Goal of the exercise – Your task is to output the listing exactly, leaving every image out.

Provided data –
* * * * * * * * *
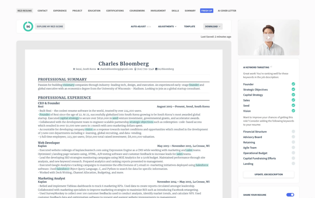 Now that you’ve got your LinkedIn profile picture sorted thanks to AI, why not use another AI-powered tool to aid in crafting your CV or cover letter? Rezi has a completely free option to help create your resume. Use the built-in templates so your resume passes automated systems. Simply fill in some prompts about your previous work experience, the role you’re applying for and any relevant experience or qualifications and AI will do the rest!
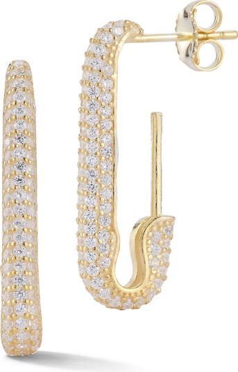 Pavé cubic-zirconia stones shimmer and shine against these polished earrings that are shaped like safety pins.
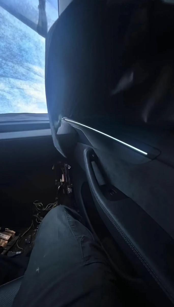 此外,内饰也进行了升级,配备了类似于新款 Model 3 的打孔通风座椅,同时仪表板和车门上还加入了一条氛围灯,提升了车内的豪华感。
* * * * * * * * *
Solution to the problem –
 Now that you’ve got your LinkedIn profile picture sorted thanks to AI, why not use another AI-powered tool to aid in crafting your CV or cover letter? Rezi has a completely free option to help create your resume. Use the built-in templates so your resume passes automated systems. Simply fill in some prompts about your previous work experience, the role you’re applying for and any relevant experience or qualifications and AI will do the rest!
 Pavé cubic-zirconia stones shimmer and shine against these polished earrings that are shaped like safety pins.
 此外,内饰也进行了升级,配备了类似于新款 Model 3 的打孔通风座椅,同时仪表板和车门上还加入了一条氛围灯,提升了车内的豪华感。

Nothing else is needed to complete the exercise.